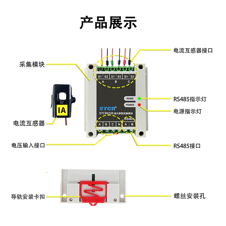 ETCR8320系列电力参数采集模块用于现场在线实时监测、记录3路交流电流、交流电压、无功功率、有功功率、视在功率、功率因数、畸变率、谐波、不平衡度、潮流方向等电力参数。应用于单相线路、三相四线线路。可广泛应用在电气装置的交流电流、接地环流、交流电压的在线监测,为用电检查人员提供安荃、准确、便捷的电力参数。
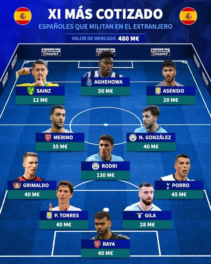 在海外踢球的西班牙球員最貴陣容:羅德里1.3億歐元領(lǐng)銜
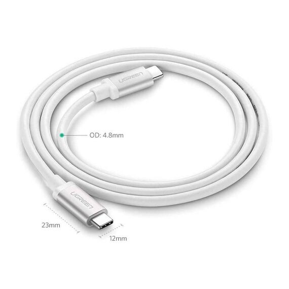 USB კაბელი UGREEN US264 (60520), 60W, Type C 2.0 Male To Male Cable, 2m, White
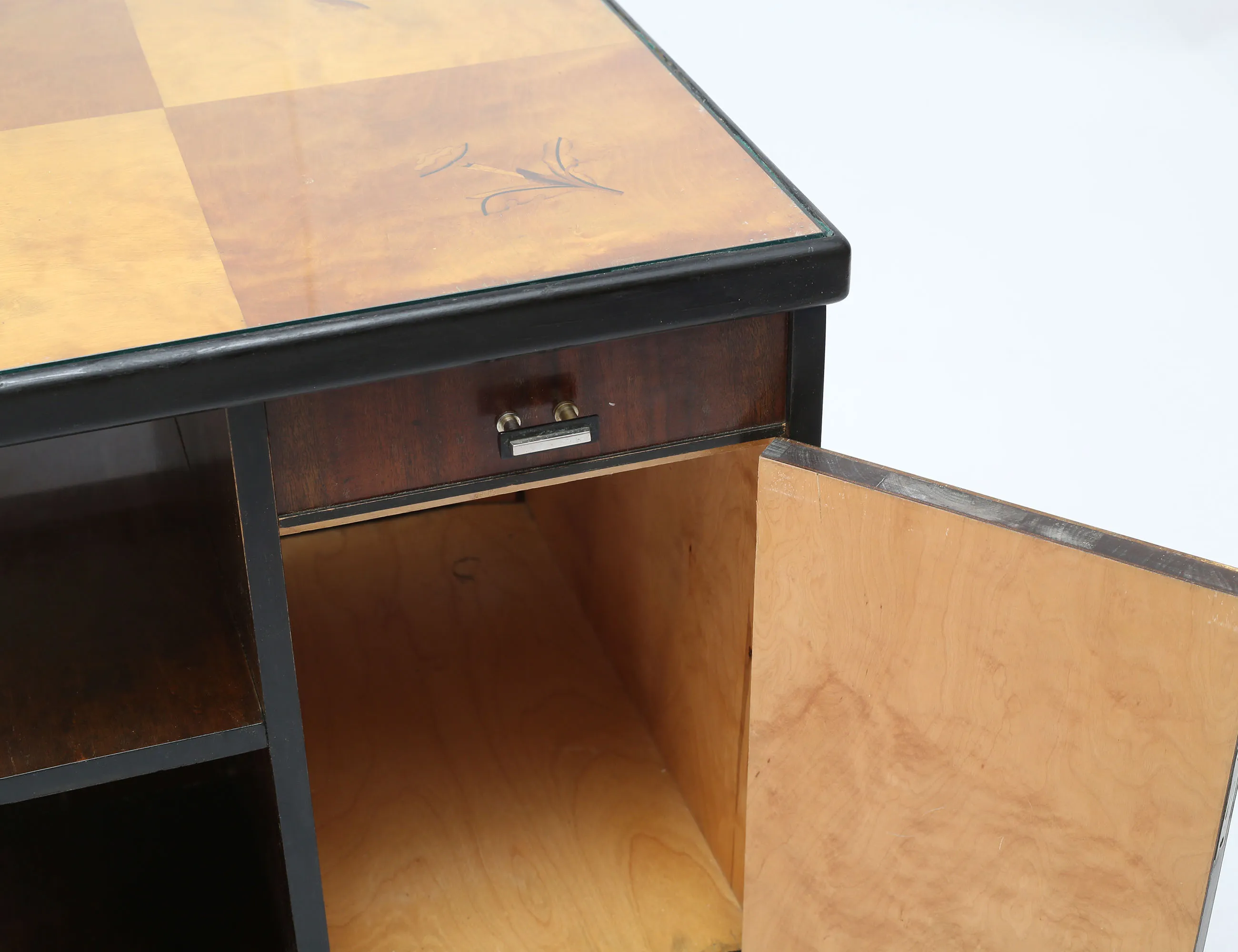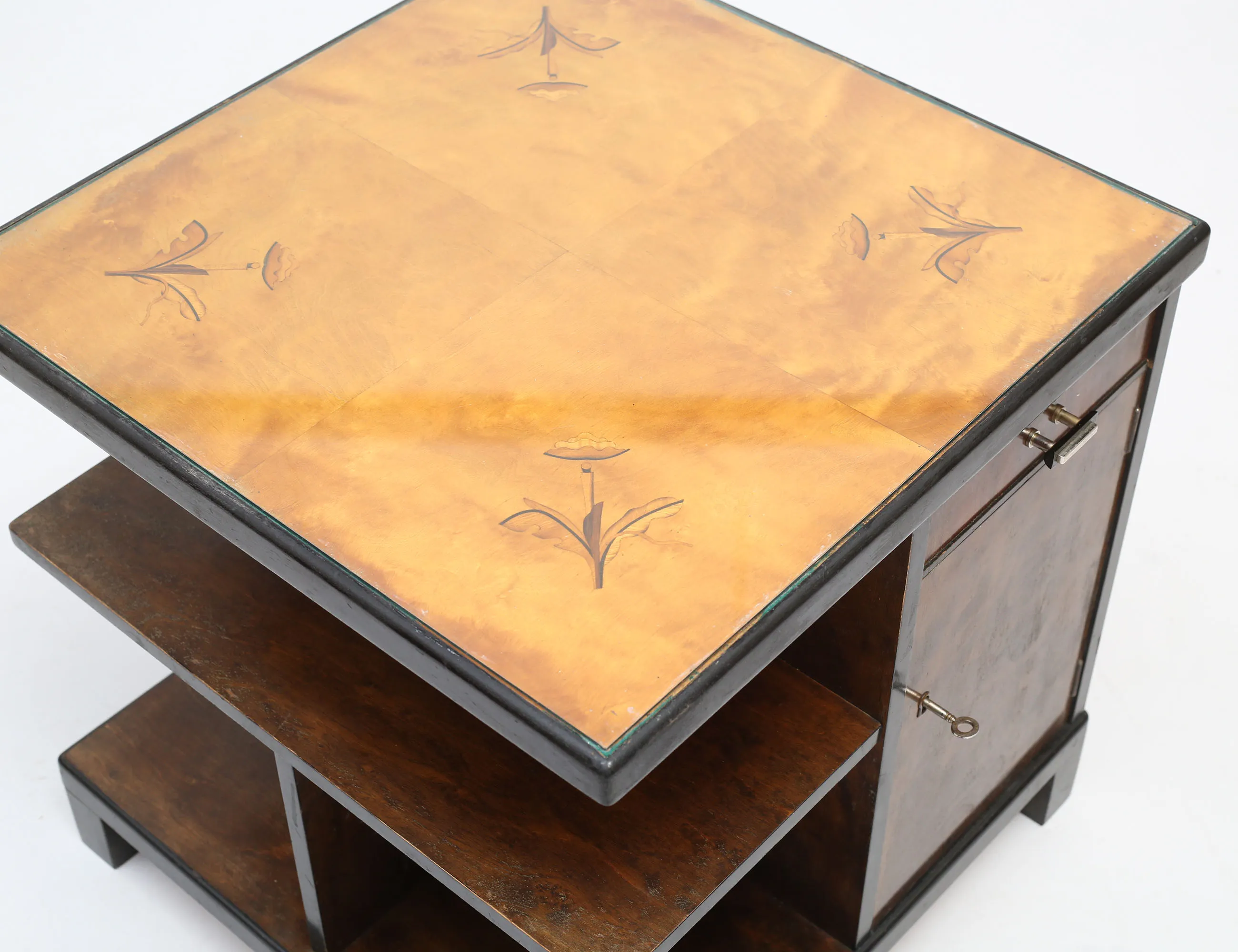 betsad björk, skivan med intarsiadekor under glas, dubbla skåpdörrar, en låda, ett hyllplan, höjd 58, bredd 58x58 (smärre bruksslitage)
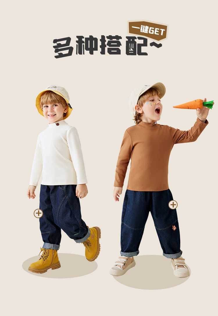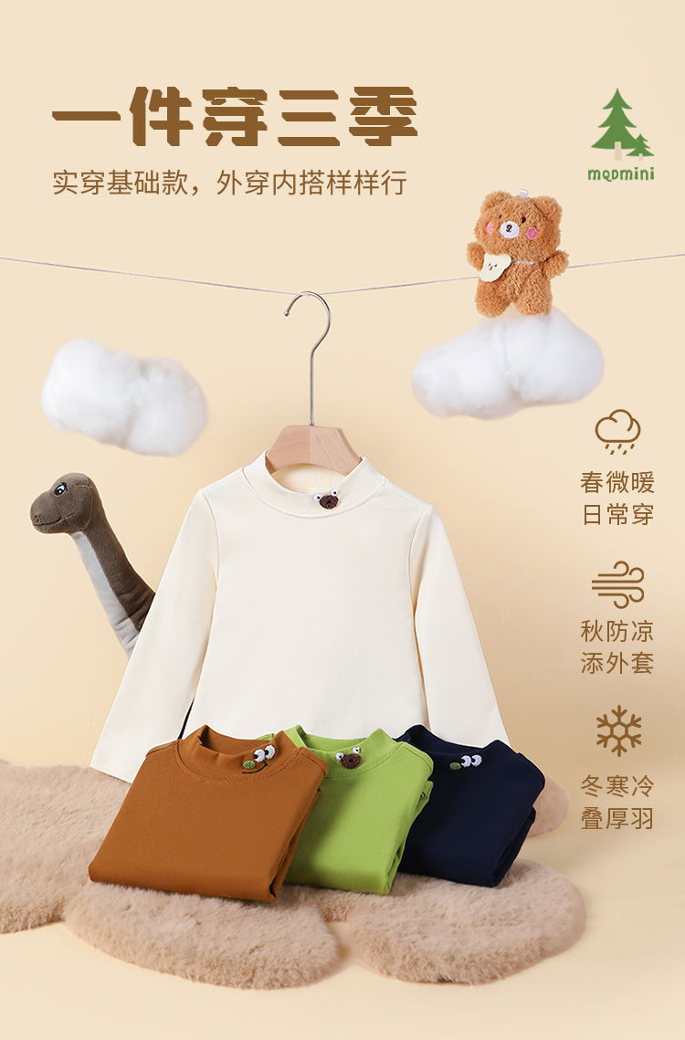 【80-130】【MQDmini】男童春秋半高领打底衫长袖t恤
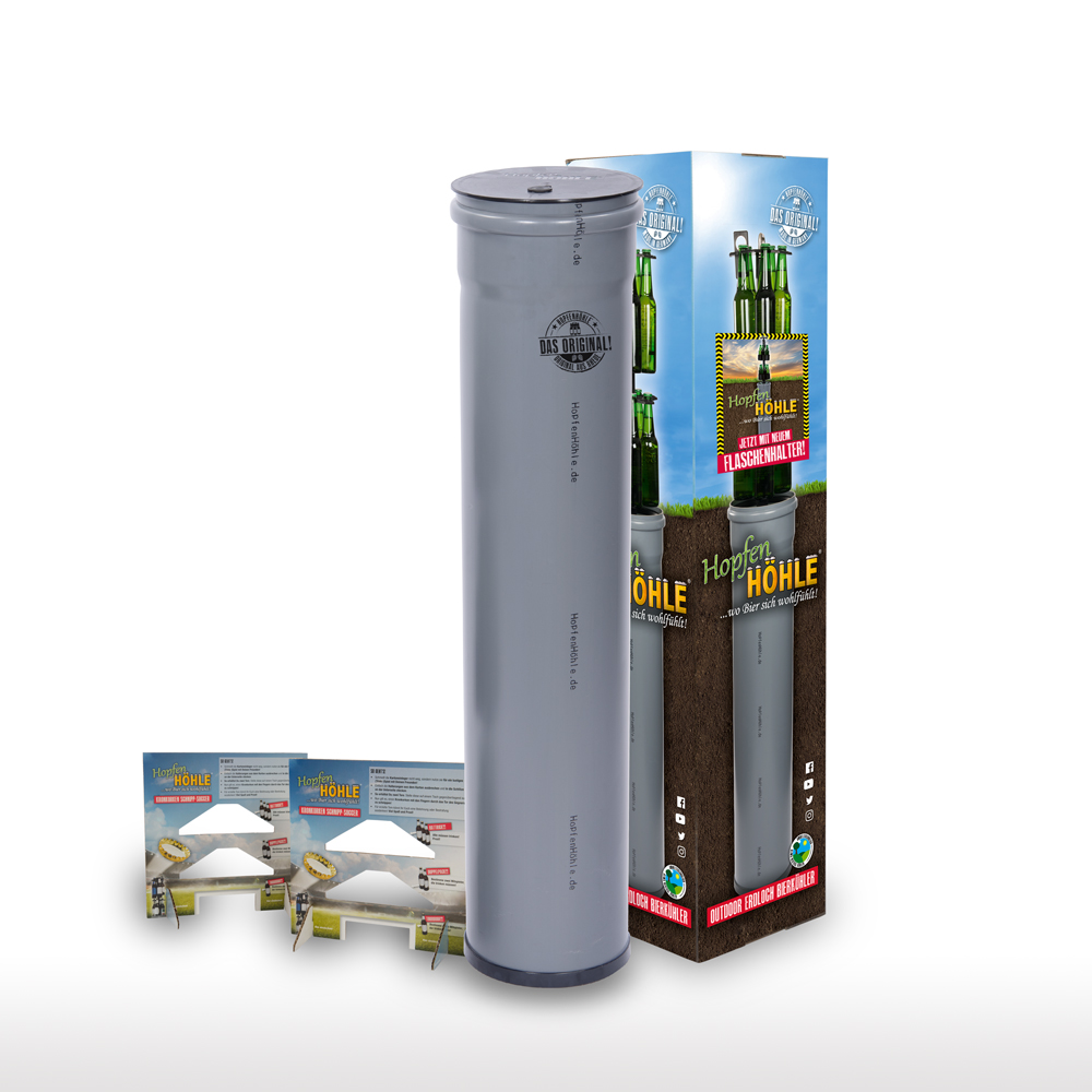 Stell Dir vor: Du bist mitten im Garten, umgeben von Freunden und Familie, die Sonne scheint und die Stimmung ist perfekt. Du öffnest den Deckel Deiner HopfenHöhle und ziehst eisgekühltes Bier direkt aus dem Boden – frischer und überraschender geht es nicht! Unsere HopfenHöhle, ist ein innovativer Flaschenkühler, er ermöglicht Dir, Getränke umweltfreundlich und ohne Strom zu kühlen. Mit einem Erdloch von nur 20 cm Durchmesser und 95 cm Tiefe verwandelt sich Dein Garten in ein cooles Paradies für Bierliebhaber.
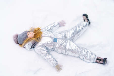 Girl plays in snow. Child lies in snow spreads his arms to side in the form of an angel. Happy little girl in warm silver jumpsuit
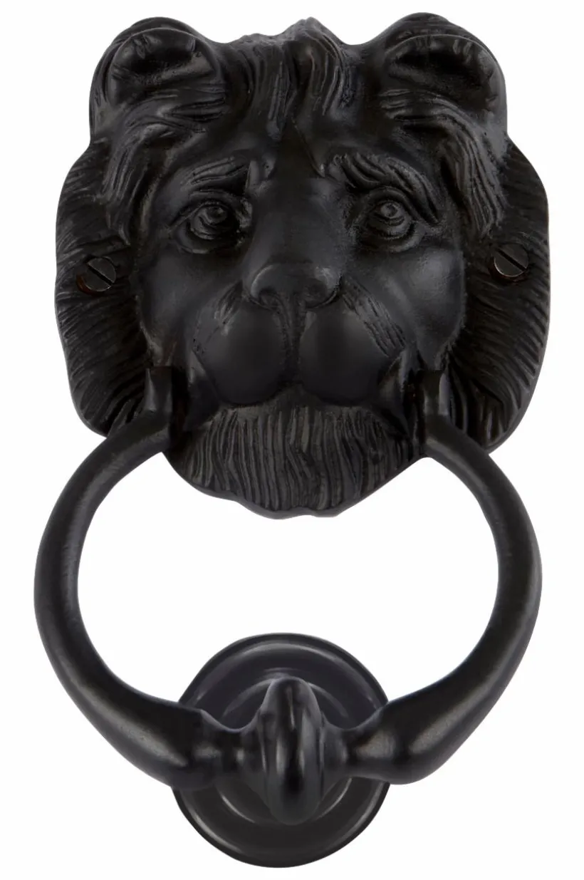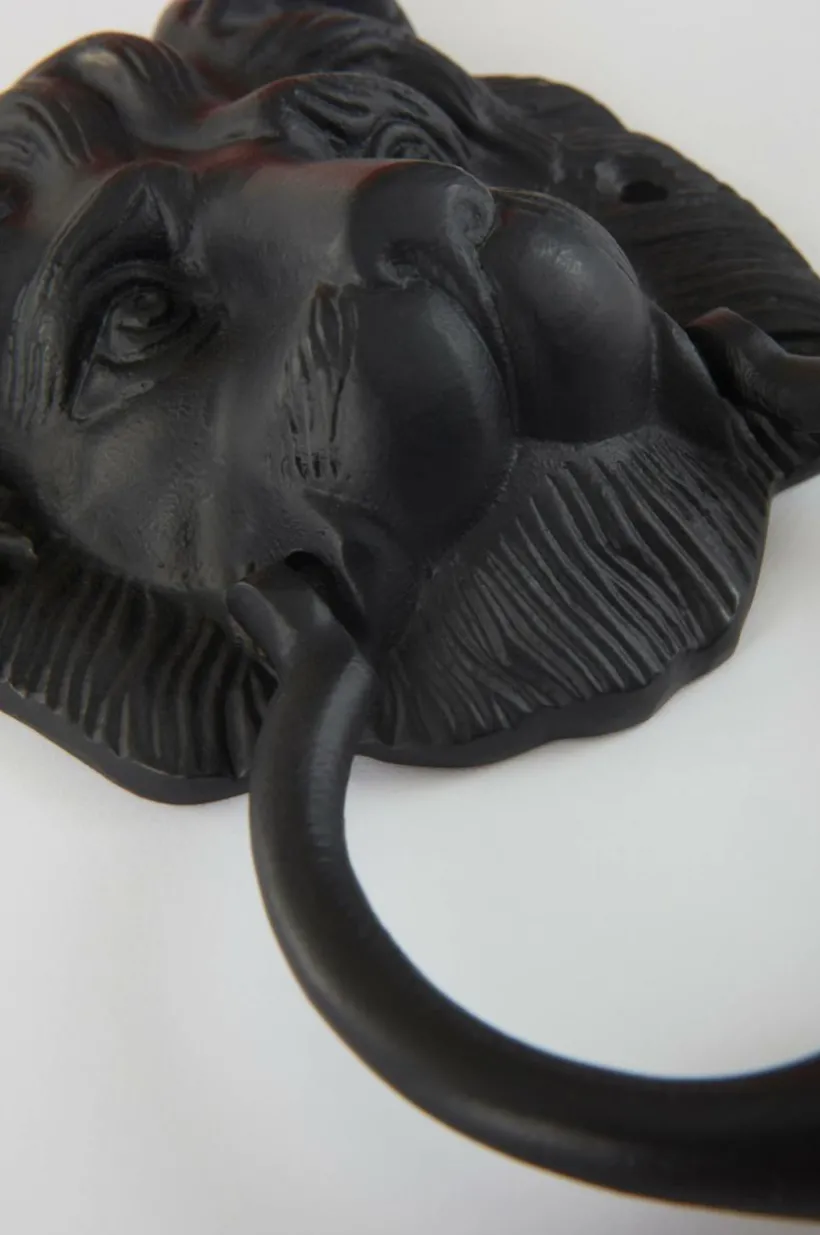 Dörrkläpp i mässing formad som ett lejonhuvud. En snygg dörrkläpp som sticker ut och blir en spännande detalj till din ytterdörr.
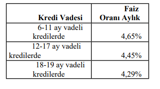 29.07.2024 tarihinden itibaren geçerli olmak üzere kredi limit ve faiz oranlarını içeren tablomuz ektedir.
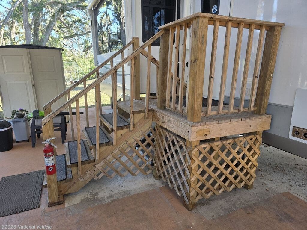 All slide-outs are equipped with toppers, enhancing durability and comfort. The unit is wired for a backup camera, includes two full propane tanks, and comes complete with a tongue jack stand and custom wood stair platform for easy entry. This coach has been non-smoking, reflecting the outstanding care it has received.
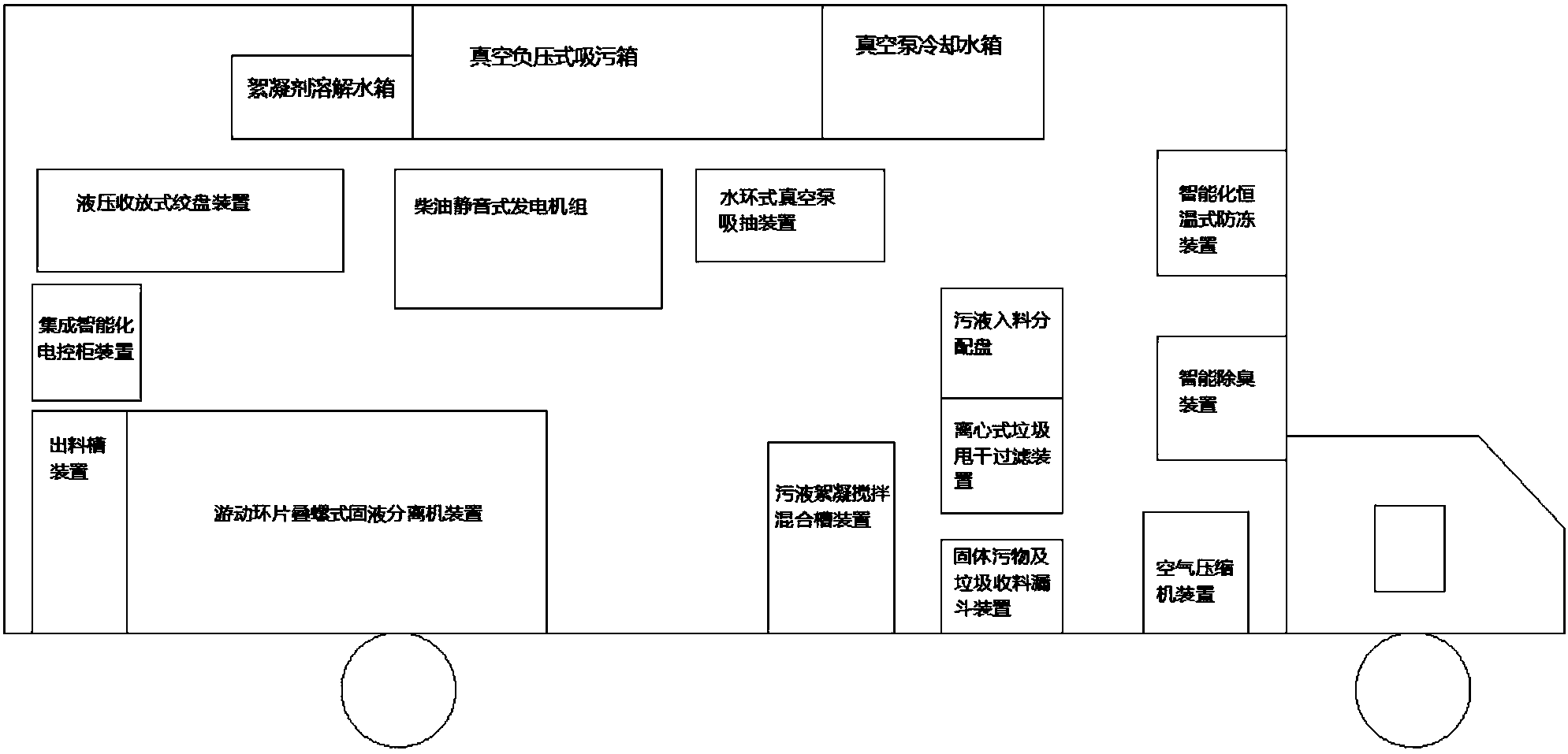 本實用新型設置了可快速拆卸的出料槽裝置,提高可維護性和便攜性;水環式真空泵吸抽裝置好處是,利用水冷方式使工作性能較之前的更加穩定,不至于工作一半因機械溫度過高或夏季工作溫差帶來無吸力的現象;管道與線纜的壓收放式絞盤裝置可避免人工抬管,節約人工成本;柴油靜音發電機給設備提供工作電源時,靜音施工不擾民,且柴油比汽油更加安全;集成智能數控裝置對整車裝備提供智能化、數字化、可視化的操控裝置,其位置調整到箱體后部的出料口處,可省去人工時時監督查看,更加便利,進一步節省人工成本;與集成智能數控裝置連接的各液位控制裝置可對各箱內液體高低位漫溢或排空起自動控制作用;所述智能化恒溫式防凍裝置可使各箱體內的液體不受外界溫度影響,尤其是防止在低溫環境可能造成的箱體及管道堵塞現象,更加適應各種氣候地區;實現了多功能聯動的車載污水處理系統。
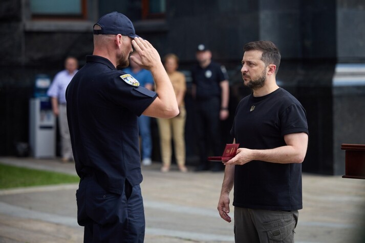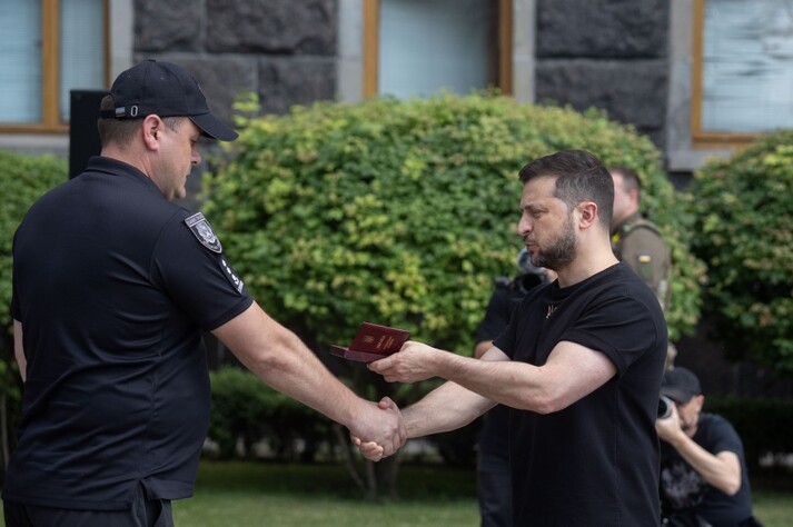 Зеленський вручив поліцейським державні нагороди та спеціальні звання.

════════════════

### WORK INSTRUCTIONS
Your answer should be the lines above, word for word, from the line with "Dörrkläpp i mässing" through the line with "29.07.2024 tarihinden itibaren", minus the pictures.

### ANSWER FOR THIS EXERCISE
 Dörrkläpp i mässing formad som ett lejonhuvud. En snygg dörrkläpp som sticker ut och blir en spännande detalj till din ytterdörr.
 29.07.2024 tarihinden itibaren geçerli olmak üzere kredi limit ve faiz oranlarını içeren tablomuz ektedir.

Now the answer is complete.